M is for Murder, or Mörder, the chalked letter pressed on the shoulder of a notorious child-killer in Berlin by a member of an organised criminal underground – a secret sign to identify the psychopath and kill him. This is so that the police can call off their own city-wide manhunt, which is seriously inconveniencing the criminal classes.
Peter Lorre plays the porcine, pop-eyed serial killer Hans Beckert, speaking German with a rasping, querulous shout. Otto Wernicke plays pudgy police inspector Lohmann, and Gustaf Gründgens is Schränker, the crime overlord who will finally sit in judgment on Beckert, presiding over something between a kangaroo court and a revolutionary tribunal.
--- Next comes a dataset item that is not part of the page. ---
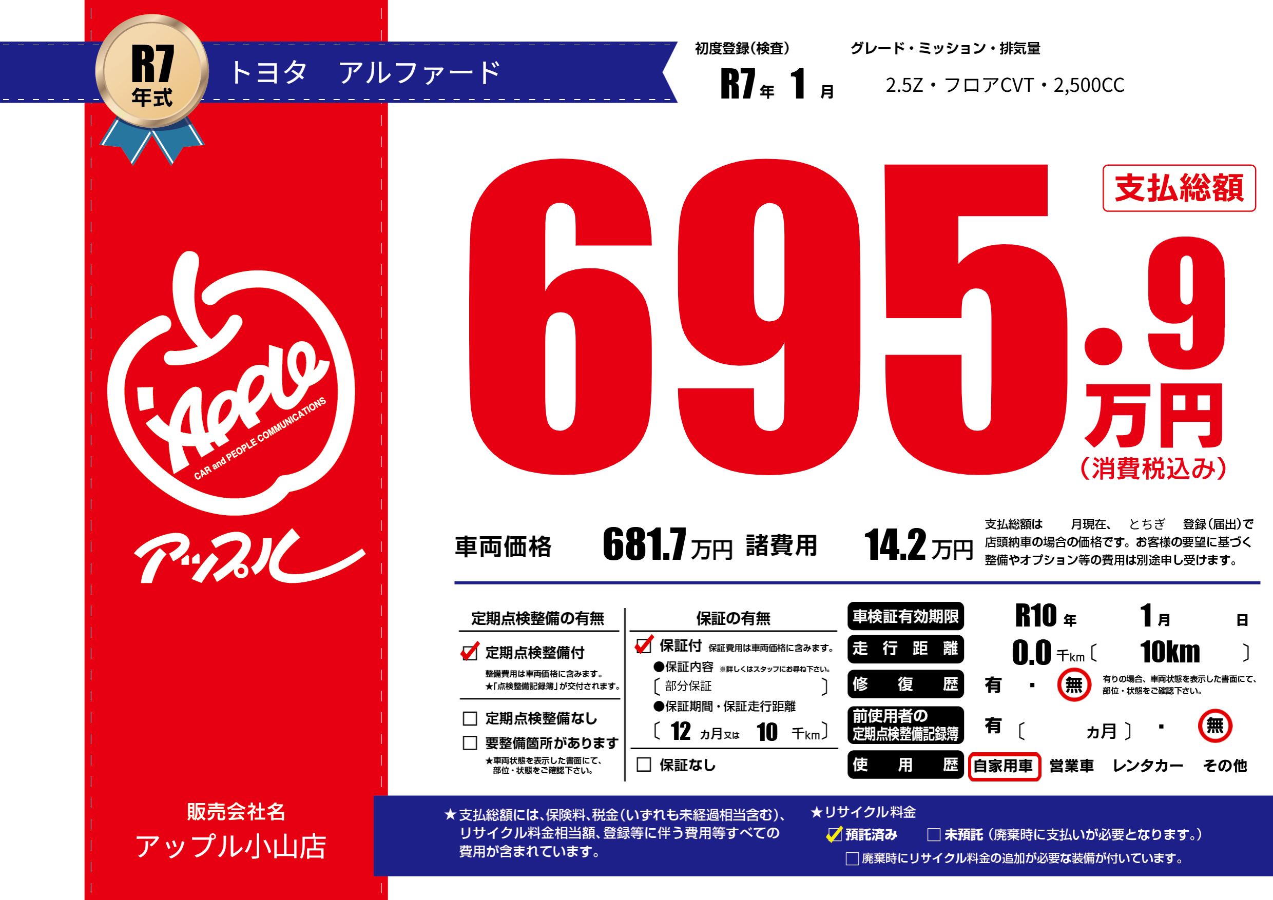 | 走行キロ | - | 初年度登録 | R7年1月 |

Lang depicts the paranoia and feverish atmosphere that gives birth to the dual investigation from the cops and the criminals. Lohmann has a determined, forensic technique, analysing the handwriting on Beckert's jeering letter to the press, and the woodgrain of the table the paper appears to have pressed on.
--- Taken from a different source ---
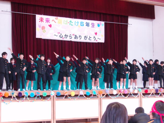練習を重ねて約1ヶ月、今日「6年生を送る会」がありました。5年生は、各学年の出し物を調整したり、掲示物や会場の配置など考えたり、かなり大変でした。一人ひとりが責任を持ち、役割を実行してこそ、会が成功することを体験できたと思います。お疲れさま。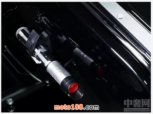 這款《星球大戰》限量版烏拉爾稱為黑暗力量,采用全黑色涂裝,發動機、減震甚至是排氣都漆成黑色,確實夠“黑暗”。而最讓《星戰》迷們興奮的是,在“挎斗”旁邊配備了一把光劍,沒錯!是一把貨真價實可伸縮的一米長光劍!

Meanwhile, a hidden army of crooks and thieves pass on their own tips, and a blind peddler crucially recognises the tune Beckert whistles. It is a cousin to the early Hitchcock of The Lodger. What is fascinating is how Lang fetishises smoking: everyone has huge cigars, bulbous pipes and cigarettes in holders. It is as if smoke is the endless industrial byproduct of the city's folly, greed and shame.